「スライダー部門」で1位に選ばれたダルビッシュ有【写真:Getty Images】

メジャーの全監督によるアンケートでのランキング

 メジャーリーグにおいて日本人投手の存在感は今までにないほど大きくなっている。アメリカの野球総合誌「ベースボール・アメリカ」が「2014年版メジャー最高のツール(スキル、能力)」を特集。右肘の靭帯断裂で離脱中のヤンキース・田中将大投手が、メジャーの全監督によるアンケートで選出された「ベストピッチャー部門」の2位に選ばれたが、その他の日本人投手も各部門のランキングTOP3に入っている。(※成績はすべて6日時点)

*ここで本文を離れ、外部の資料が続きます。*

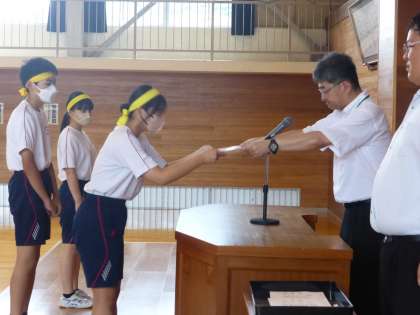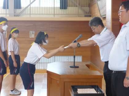 前半は、体育大会 任命式、委嘱状授与、役員紹介、結団式を行いました。
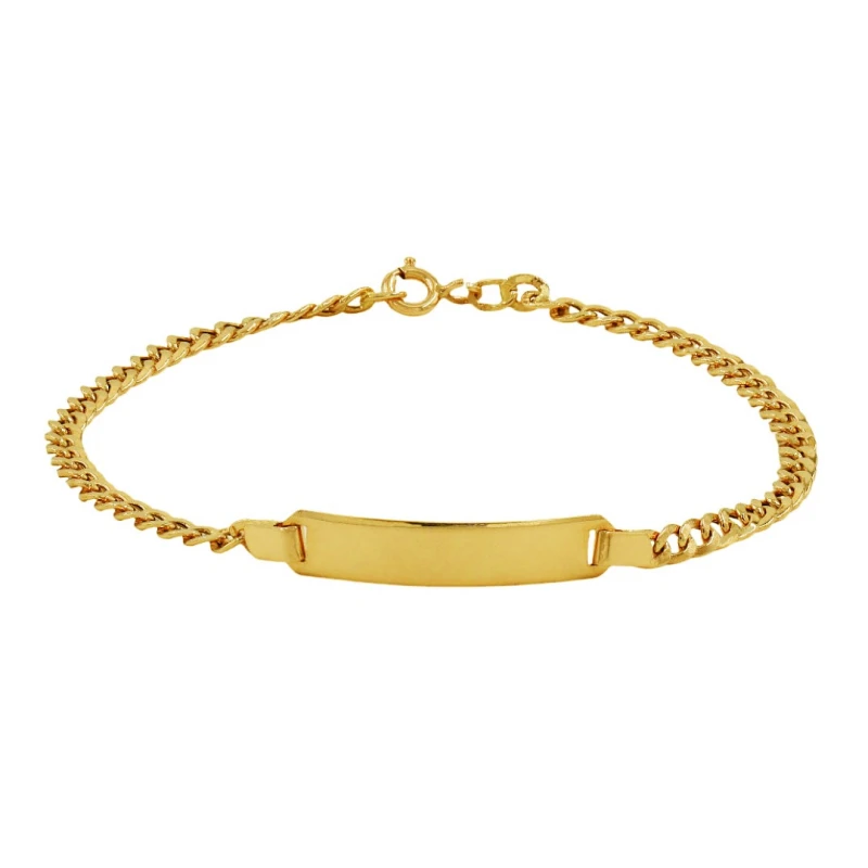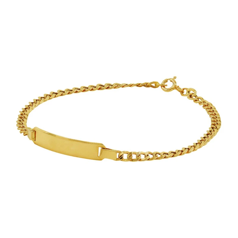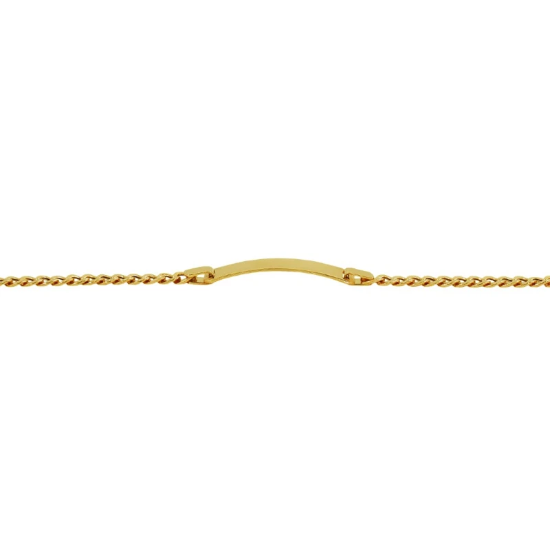 Envolvente pulseira em ouro de 19.2 quilates. Brilhante com uma graciosa coloração dourada, a malha de barbela da joia une-se a uma chapa central que desperta um brilho contagiante combinada de um design intemporal. De fabrico manual 100% português, este modelo versátil adiciona um visual único no design simples, possibilitando o seu uso para diferentes momentos ou eventos diários.
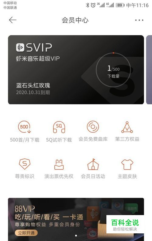 2.2点击“88会员”下拉找到虾米音乐VIP兑换项进行兑换。
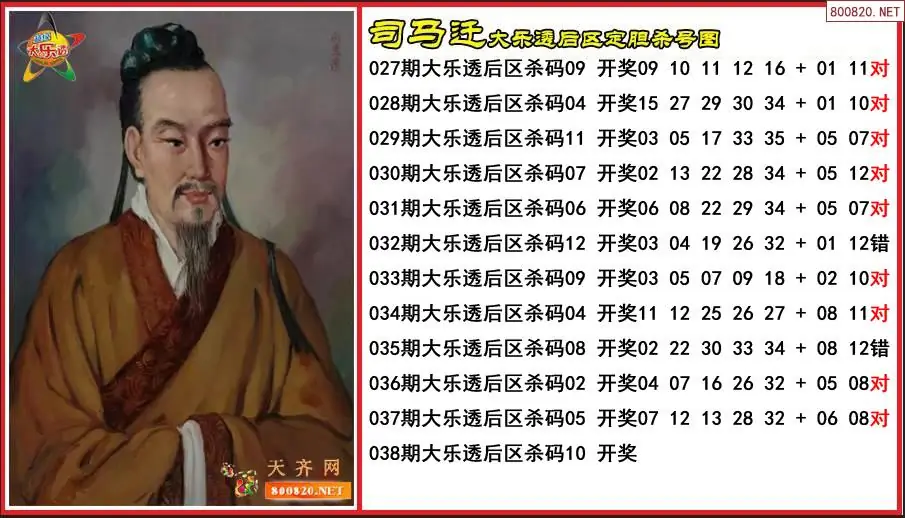 司马迁2026038期大乐透后区定胆杀号图-原创

「スライダー部門」で堂々の1位に選ばれたのはダルビッシュ有投手だ。驚異的な空振り奪取能力を誇る決め球は、すでにレンジャーズの絶対的エースの代名詞となっている。

 昨年は、スピードや軌道の違いで数種類あるとされるスライダーを武器に277Kで奪三振王に。今季の175奪三振は現時点でリーグ4位となっているが、デビッド・プライス(199)、フェリックス・ヘルナンデス(186)、コーリー・クルーバー(177)の上位3人はいずれもダルビッシュより登板が3試合多い。9イニングあたりでの奪三振数を表す奪三振率11・22は、2位のクリス・セール(ホワイトソックス)の10・18を上回りリーグトップだ。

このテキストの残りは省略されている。